Citations for invisible wounds

Rear Admiral (Ret’d) Chris Sutherland reflects on addiction & depression while in service. Photo – Matt Wocks, Wounded Warriors.

There were a lot of decorations on display the other morning in Ottawa. Some of those attending an annual breakfast I attended across the street at Parliament Hill on Monday, June 9, had more ribbons and military medals than I’d ever seen before.

But when the keynote speaker stepped to the lectern to address this largely military audience, he wore a plain business suit without a single decoration. Recently retired, Chris Sutherland could have worn his ceremonial navy uniform, displaying his rank as Rear Admiral and deputy commander of the entire Royal Canadian Navy (RCN). Instead, he just spoke.

“Good morning,” he said. “I’m a recovering addict, and I’ve struggled with mental illness, specifically depression.”

R/Adm Sutherland exhibiting pride, hiding trauma.

We could all read from the programs at the event – the 12th Annual Sam Sharpe Breakfast recognizing mental injuries from military service – that Sutherland had enjoyed a stellar RCN career.
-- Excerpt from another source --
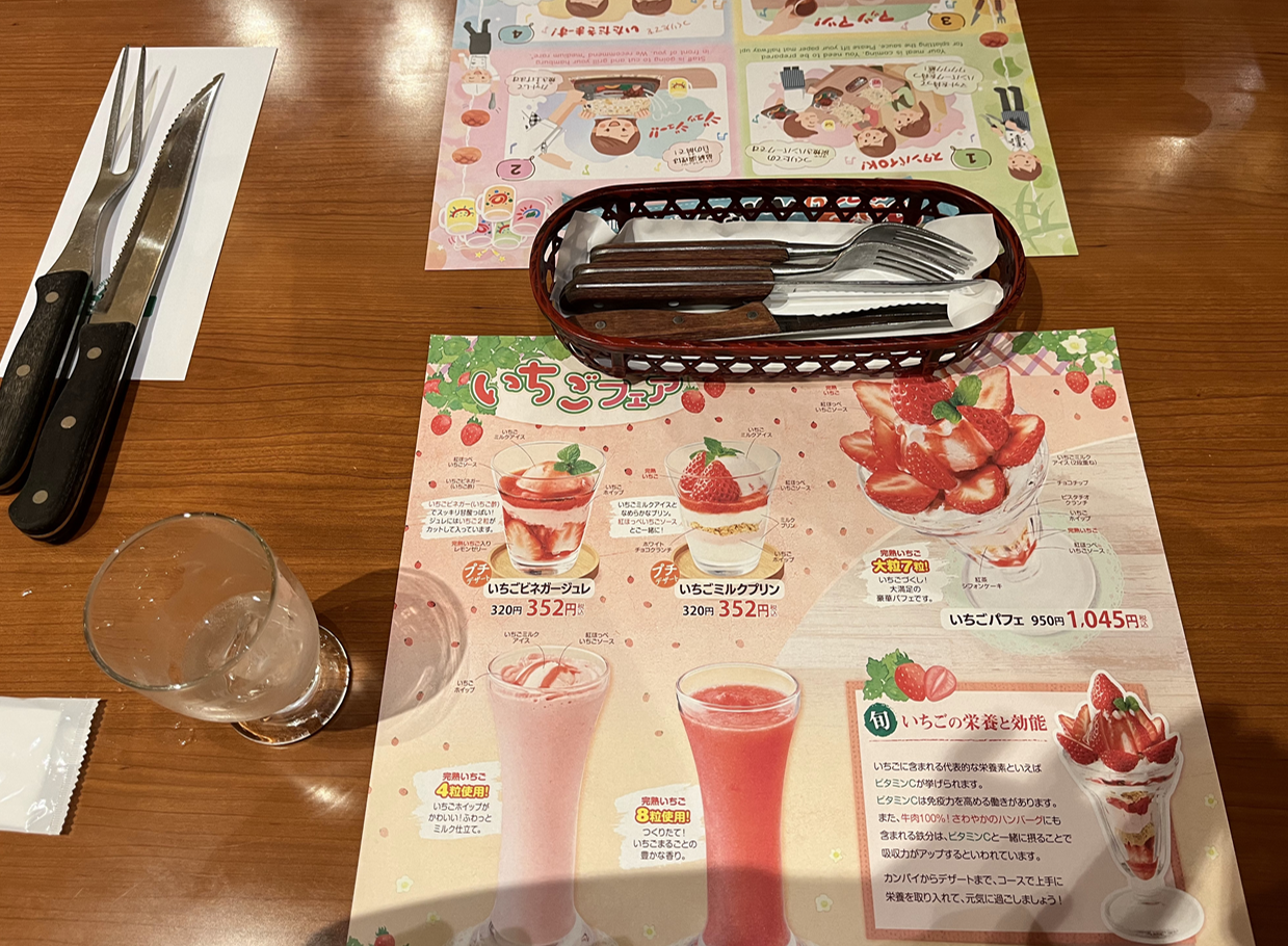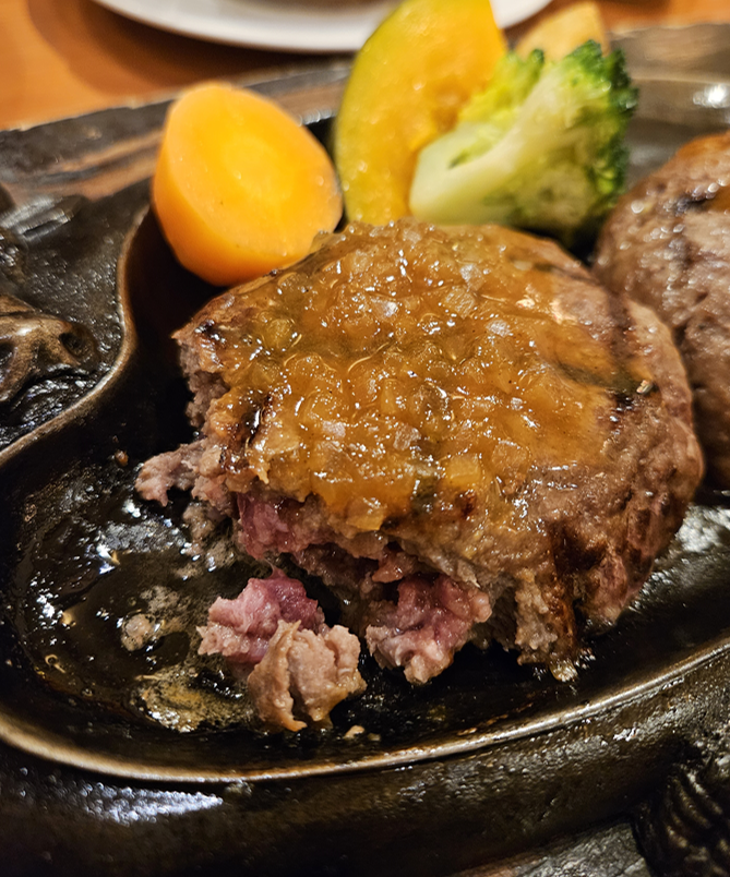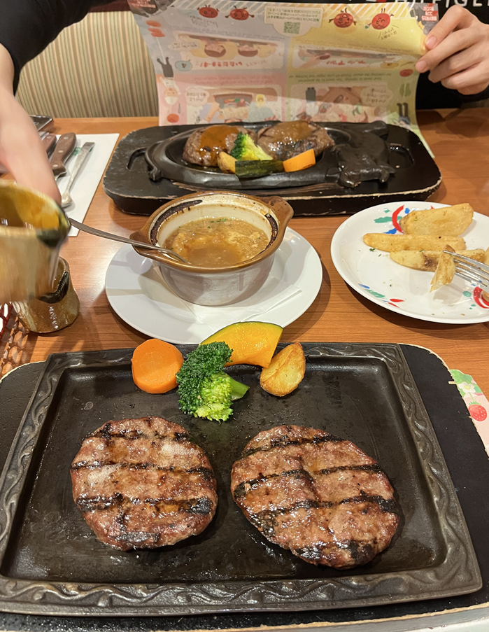 메뉴는 대표 메뉴인 함박스테이크를 두 개 시키고, 맛있다고 들었던 어니언 수프, 감자튀김, 그리고 시즈오카 딸기로 만든 딸기 주스를 시켰습니다. 함박스테이크는 두 가지 사이즈가 있었는데 하나는 보통으로, 하나는 큰 사이즈로 했습니다.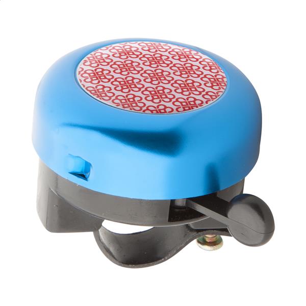 Aluminiowy dzwonek do roweru ze srebrną tabliczką.

Trained at Kingston’s Royal Military College, deployed at sea aboard warships in NATO operations around the globe, and with years of service at National Defence Headquarters, the Directorate of Maritime Policy, and as base commander of CFB Halifax, Sutherland had given Canada 38 years of exemplary service.

At the beginning of his navy life (the 1980s), he told us this week, he didn’t use alcohol. He admitted that he often felt insecure and lacked confidence, until “I took my first drink, and all that disappeared. I felt this warm glow. I felt confident. And I chased that feeling for over 20 years.”

Sutherland noted that at its peak his addiction meant he might consume a full 26-ounce bottle of gin in a sitting. But his periodic bouts of depression and the liquor proved to be a deadly combination. “After 74 days at sea (in post-9/11 operations in the Middle East), I tried suicide.”

L/Col Sam Sharpe, re-elected MP in Ontario County while fighting overseas.

Statistics compiled by the Canadian government show that between the years 2012 and 2021, 207 Canadian Armed Forces servicemen (average aged 34) took their own lives; during the same period 18 servicewomen killed themselves.

Nobody has assembled the suicide statistics associated with Sam Sharpe’s era. First elected to the House of Commons in 1908 and then responding to the Empire’s call for troops in the Great War, Sharpe, at age 35, petitioned Ottawa to mobilize a local battalion.

He underwrote, equipped and trained his 116th Ontario Battalion for overseas service and led them through the battles of Vimy Ridge, Avion and Passchendaele. By the end of 1917, however, the war has reduced his original unit of 2,000 young recruits to fewer than 200.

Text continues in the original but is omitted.